* [SOURCE RECORDS]

※

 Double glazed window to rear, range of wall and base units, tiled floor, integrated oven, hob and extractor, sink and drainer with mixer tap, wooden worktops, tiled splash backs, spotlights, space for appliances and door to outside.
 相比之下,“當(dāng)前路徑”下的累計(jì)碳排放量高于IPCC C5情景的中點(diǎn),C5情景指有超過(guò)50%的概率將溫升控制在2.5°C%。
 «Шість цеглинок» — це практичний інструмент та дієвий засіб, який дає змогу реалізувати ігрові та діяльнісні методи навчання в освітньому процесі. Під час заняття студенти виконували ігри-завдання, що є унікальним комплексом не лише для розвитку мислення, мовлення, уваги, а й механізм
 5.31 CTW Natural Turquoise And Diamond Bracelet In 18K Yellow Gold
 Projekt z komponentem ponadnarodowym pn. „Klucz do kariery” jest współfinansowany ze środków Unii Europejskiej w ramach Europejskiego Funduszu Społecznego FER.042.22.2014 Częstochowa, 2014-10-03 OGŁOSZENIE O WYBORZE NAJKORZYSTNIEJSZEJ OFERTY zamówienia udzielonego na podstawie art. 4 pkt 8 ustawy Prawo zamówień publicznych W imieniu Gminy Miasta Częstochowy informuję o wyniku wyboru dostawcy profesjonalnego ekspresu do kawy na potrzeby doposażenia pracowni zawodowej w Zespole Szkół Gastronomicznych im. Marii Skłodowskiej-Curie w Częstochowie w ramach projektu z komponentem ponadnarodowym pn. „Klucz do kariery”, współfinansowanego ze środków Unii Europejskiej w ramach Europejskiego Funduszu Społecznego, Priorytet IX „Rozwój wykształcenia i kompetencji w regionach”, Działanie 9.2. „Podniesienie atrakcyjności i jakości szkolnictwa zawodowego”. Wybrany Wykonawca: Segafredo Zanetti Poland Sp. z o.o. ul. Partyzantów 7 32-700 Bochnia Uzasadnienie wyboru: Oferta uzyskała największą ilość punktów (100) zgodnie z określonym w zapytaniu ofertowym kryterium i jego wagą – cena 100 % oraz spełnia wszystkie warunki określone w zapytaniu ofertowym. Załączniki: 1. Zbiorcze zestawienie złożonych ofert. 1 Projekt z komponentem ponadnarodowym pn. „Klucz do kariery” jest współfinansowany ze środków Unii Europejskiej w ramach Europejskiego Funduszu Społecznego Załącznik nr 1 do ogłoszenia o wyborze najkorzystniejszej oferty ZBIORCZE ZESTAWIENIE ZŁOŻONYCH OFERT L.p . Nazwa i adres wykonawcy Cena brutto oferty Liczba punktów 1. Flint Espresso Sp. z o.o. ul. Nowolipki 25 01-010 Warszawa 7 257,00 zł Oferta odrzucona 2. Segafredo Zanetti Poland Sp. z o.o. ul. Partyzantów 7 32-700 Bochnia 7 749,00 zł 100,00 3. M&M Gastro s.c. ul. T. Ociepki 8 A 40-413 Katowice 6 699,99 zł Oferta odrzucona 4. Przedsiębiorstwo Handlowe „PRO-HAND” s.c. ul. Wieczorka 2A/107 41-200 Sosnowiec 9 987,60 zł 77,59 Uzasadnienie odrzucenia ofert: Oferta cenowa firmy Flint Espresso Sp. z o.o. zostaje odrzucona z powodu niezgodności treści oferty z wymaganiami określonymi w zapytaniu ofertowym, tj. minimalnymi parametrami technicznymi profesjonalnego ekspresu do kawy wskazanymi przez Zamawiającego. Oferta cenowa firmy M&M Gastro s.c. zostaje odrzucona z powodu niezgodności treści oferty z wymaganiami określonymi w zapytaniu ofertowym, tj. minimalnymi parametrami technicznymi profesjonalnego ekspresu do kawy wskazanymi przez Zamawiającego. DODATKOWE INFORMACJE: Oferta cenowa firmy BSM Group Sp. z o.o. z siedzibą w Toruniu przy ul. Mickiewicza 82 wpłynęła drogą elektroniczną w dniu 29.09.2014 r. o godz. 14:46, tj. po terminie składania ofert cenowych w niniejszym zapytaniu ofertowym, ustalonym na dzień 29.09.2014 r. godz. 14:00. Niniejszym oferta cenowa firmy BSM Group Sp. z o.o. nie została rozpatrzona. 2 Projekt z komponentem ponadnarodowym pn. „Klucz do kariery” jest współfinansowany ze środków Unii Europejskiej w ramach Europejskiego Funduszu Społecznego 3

※

* [ASSIGNMENT] Retype each line of the listing exactly as it was given above.

* [TASK ANSWER]
 Double glazed window to rear, range of wall and base units, tiled floor, integrated oven, hob and extractor, sink and drainer with mixer tap, wooden worktops, tiled splash backs, spotlights, space for appliances and door to outside.
 相比之下,“當(dāng)前路徑”下的累計(jì)碳排放量高于IPCC C5情景的中點(diǎn),C5情景指有超過(guò)50%的概率將溫升控制在2.5°C%。
 «Шість цеглинок» — це практичний інструмент та дієвий засіб, який дає змогу реалізувати ігрові та діяльнісні методи навчання в освітньому процесі. Під час заняття студенти виконували ігри-завдання, що є унікальним комплексом не лише для розвитку мислення, мовлення, уваги, а й механізм
 5.31 CTW Natural Turquoise And Diamond Bracelet In 18K Yellow Gold
 Projekt z komponentem ponadnarodowym pn. „Klucz do kariery” jest współfinansowany ze środków Unii Europejskiej w ramach Europejskiego Funduszu Społecznego FER.042.22.2014 Częstochowa, 2014-10-03 OGŁOSZENIE O WYBORZE NAJKORZYSTNIEJSZEJ OFERTY zamówienia udzielonego na podstawie art. 4 pkt 8 ustawy Prawo zamówień publicznych W imieniu Gminy Miasta Częstochowy informuję o wyniku wyboru dostawcy profesjonalnego ekspresu do kawy na potrzeby doposażenia pracowni zawodowej w Zespole Szkół Gastronomicznych im. Marii Skłodowskiej-Curie w Częstochowie w ramach projektu z komponentem ponadnarodowym pn. „Klucz do kariery”, współfinansowanego ze środków Unii Europejskiej w ramach Europejskiego Funduszu Społecznego, Priorytet IX „Rozwój wykształcenia i kompetencji w regionach”, Działanie 9.2. „Podniesienie atrakcyjności i jakości szkolnictwa zawodowego”. Wybrany Wykonawca: Segafredo Zanetti Poland Sp. z o.o. ul. Partyzantów 7 32-700 Bochnia Uzasadnienie wyboru: Oferta uzyskała największą ilość punktów (100) zgodnie z określonym w zapytaniu ofertowym kryterium i jego wagą – cena 100 % oraz spełnia wszystkie warunki określone w zapytaniu ofertowym. Załączniki: 1. Zbiorcze zestawienie złożonych ofert. 1 Projekt z komponentem ponadnarodowym pn. „Klucz do kariery” jest współfinansowany ze środków Unii Europejskiej w ramach Europejskiego Funduszu Społecznego Załącznik nr 1 do ogłoszenia o wyborze najkorzystniejszej oferty ZBIORCZE ZESTAWIENIE ZŁOŻONYCH OFERT L.p . Nazwa i adres wykonawcy Cena brutto oferty Liczba punktów 1. Flint Espresso Sp. z o.o. ul. Nowolipki 25 01-010 Warszawa 7 257,00 zł Oferta odrzucona 2. Segafredo Zanetti Poland Sp. z o.o. ul. Partyzantów 7 32-700 Bochnia 7 749,00 zł 100,00 3. M&M Gastro s.c. ul. T. Ociepki 8 A 40-413 Katowice 6 699,99 zł Oferta odrzucona 4. Przedsiębiorstwo Handlowe „PRO-HAND” s.c. ul. Wieczorka 2A/107 41-200 Sosnowiec 9 987,60 zł 77,59 Uzasadnienie odrzucenia ofert: Oferta cenowa firmy Flint Espresso Sp. z o.o. zostaje odrzucona z powodu niezgodności treści oferty z wymaganiami określonymi w zapytaniu ofertowym, tj. minimalnymi parametrami technicznymi profesjonalnego ekspresu do kawy wskazanymi przez Zamawiającego. Oferta cenowa firmy M&M Gastro s.c. zostaje odrzucona z powodu niezgodności treści oferty z wymaganiami określonymi w zapytaniu ofertowym, tj. minimalnymi parametrami technicznymi profesjonalnego ekspresu do kawy wskazanymi przez Zamawiającego. DODATKOWE INFORMACJE: Oferta cenowa firmy BSM Group Sp. z o.o. z siedzibą w Toruniu przy ul. Mickiewicza 82 wpłynęła drogą elektroniczną w dniu 29.09.2014 r. o godz. 14:46, tj. po terminie składania ofert cenowych w niniejszym zapytaniu ofertowym, ustalonym na dzień 29.09.2014 r. godz. 14:00. Niniejszym oferta cenowa firmy BSM Group Sp. z o.o. nie została rozpatrzona. 2 Projekt z komponentem ponadnarodowym pn. „Klucz do kariery” jest współfinansowany ze środków Unii Europejskiej w ramach Europejskiego Funduszu Społecznego 3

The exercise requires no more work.